Por
  • Octavio Gómez Milián

A distancia

El estado de alarma ha dejado las carreteras casi desiertas.
El estado de alarma ha dejado las carreteras casi desiertas.
Ricardo Rubio / Europa Press

Escribo esta columna diez días antes de que se publique. Hay silencio en Ateca. Es de noche. No sé cómo estará Zaragoza, si también la calma con disfraz de miedo lo dominará todo. Hoy y dentro de diez días. Si todo va bien a mi padre lo operarán del corazón el próximo miércoles. Sí, la válvula parental ha decidido pedir mantenimiento en mitad de una de las peores crisis de la historia. Cuando ustedes lean esto, ya habrá sucedido. Espero. Hay mil cosas que uno quiere decir a su padre ante una situación así, tantas como años lleva cuidándome y alguna más. Como estas columnas son de longitud limitada buscaré resumirlo: le deseo a mi hijo un padre tan bueno como el que yo tengo. Así que en plena pandemia y después de ella me esforzaré al máximo para conseguirlo y, sobre todo, me gustaría que mi padre estuviera junto a mi hijo para comprobar que estoy cumpliendo mis promesas.

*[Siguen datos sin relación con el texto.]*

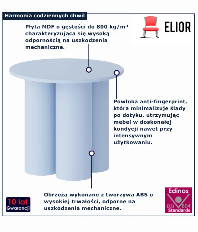• Produkt posiada certyfikat jakości "Edinos Standards DSI 804", który potwierdza najwyższą jakość wykonania mebla oraz pełny stopień zgodności poszczególnych jednostek wytworzonego wyrobu z przyjętym wzorcem.

Mañana se apagarán las voces en las escuelas, no habrá sonrisas al cruzarnos saliendo de la farmacia, no podremos disfrutar del juego del Casademont, miraremos con miedo los avisos que nos llegan al móvil con las últimas cifras... pero siempre tendremos a nuestra familia al lado. Eso sobrevive a cualquier apocalipisis. Quizá sea un buen momento para entender la vida con menos, con menos de todo excepto humanidad. Algo bueno y algo matemático, ya que me toca cerrar, según un modelo estadístico cuando ustedes lean esto lo realmente crudo ya estará más cerca de terminar. Espero que sea así. Y que en la próxima columna tenga humor para exigir responsabilidades.